My Day with Diabetes

 My Day with Diabetes
I volunteered to give one of my neighbors a ride to a doctor’s appointment  a few days ago. I had never met her and it was nice getting to know each other on the drive there. She is about 62 years old and has Diabetes, Fibromyalgia, COPD,  was in a car accident in December, and had pneumonia in January. Wow! I was surprised she was so upbeat and frankly, upright. I took her to the pain clinic and then took her to the hospital where her husband was having his leg amputated due to Diabetes. Like many of us over 50, she had three other people living with her besides her husband: One grown son, one grandson and one friend of a grandson. That will be a topic of another blog…
As I waited in the pain clinic while she saw her care provider, I overheard an older couple bantering about how the husband had a lucky coin, and his wife chiding him about how he should give it to her because he would lose it. He said he wanted to keep it because, “If it weren’t for bad luck I’d have no luck at all.” I started giggling as they went back and forth in a comfortable, friendly teasing session. I asked them to forgive my eavesdropping and that’s when they told me their story. The husband had taken a fall in September and broke his left hip. Due to his Diabetes, he developed a sore on his lower left leg that was not healing, and a cast had been put on it three times with poor results. He also had his left knee replaced a few years ago. He carried his lucky coin in his right pocket and I suggested he switch it to his left pocket. He needed some luck on his left!
While the husband stepped out, his wife told me her story. She also had Diabetes, plus a heart transplant 11 years ago, obesity, and chronic hip pain. How did this couple keep such a positive, friendly attitude? It was remarkable. When it came time for them to leave the wife asked me where I worked as a nurse and I told her I was actually writing a book about resilient aging. The husband then said, “Aging sucks!” He said it with sincerity and emotion, and even a little anger. The wife agreed, saying, “When I turned 60 everything went downhill!”
Well two things occurred to me that day. First of all, I met two couples, and both couples were sharing the diagnosis of Diabetes.
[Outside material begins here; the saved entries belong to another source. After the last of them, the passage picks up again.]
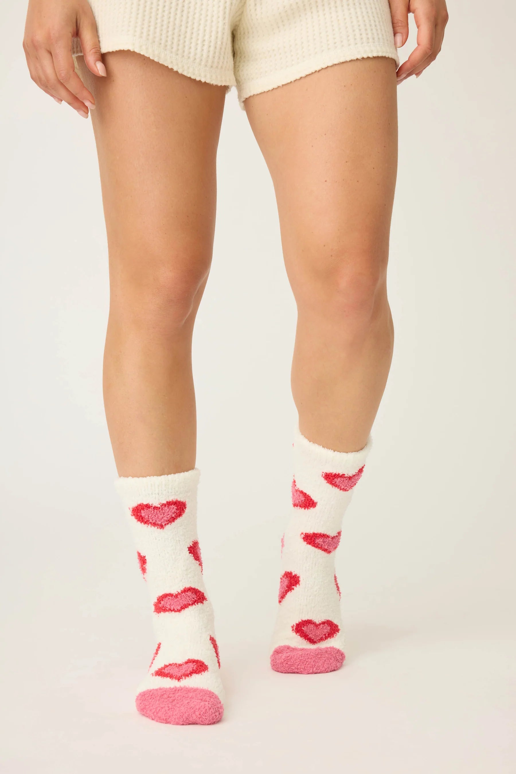 Full of heart, these fuzzy crew socks add a sweet touch to your lounge lineup. Finished with contrast heels and toes and gripper soles, they keep feet cozy and secure.
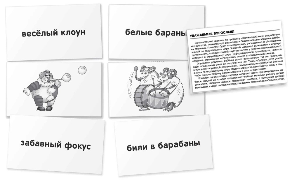 Набор карточек с картинками из серии "Занимательные карточки" входит в состав комплекта по обучению ребенка грамоте.
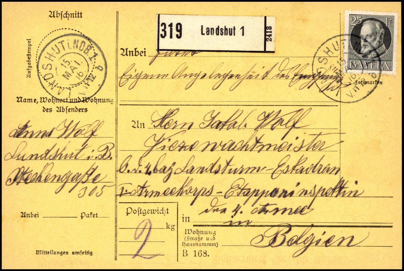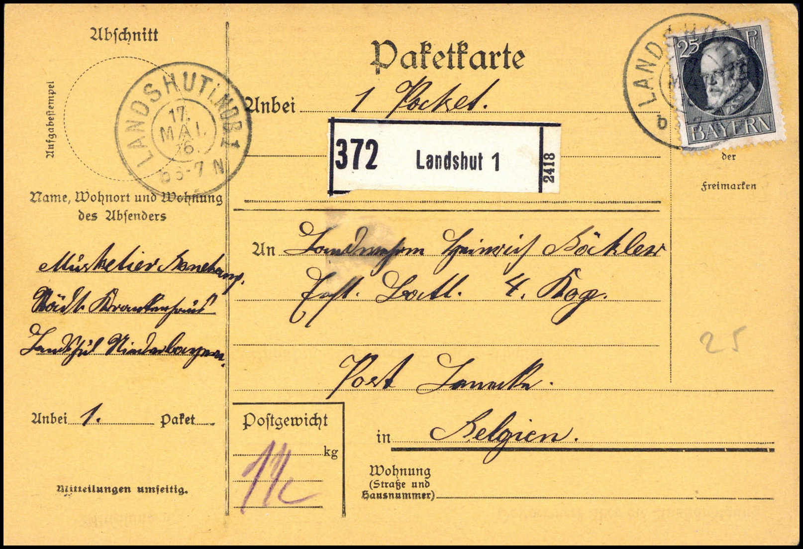 25 Pfg., Einzelfrankatur auf tadelloser Feldpost-Paketkarte mit Stempel LANDSHUT 17/5 16 nach Belgien

And both couples seemed to have a genuine love and respect for their partners, and a positive attitude in the face of Diabetes and other diagnoses. I did a bit of research about Diabetes and discovered that the incidence of Diabetes has increased in adults aged 65-79 from 6.9 per thousand in 1980 to 12.4 per thousand in 2010 (CDC). That’s almost double!  In 2010 almost 27% of people over 65 had Diabetes (See the CDC Fact Sheet). That’s a lot!
My Dad died of complications from Diabetes when he was 65, which puts me at risk for developing it myself. Meeting those 2 couples that day has inspired me to do better with my exercise and diet. It also inspired me to be upbeat and keep a positive attitude in the face of my challenges. And to tell the truth it inspired me to appreciate my own husband of 36 years. These couples very obviously loved and cherished one another each and depended on each other for support and encouragement. I saw sadness that day but I also saw a lot of love and hope.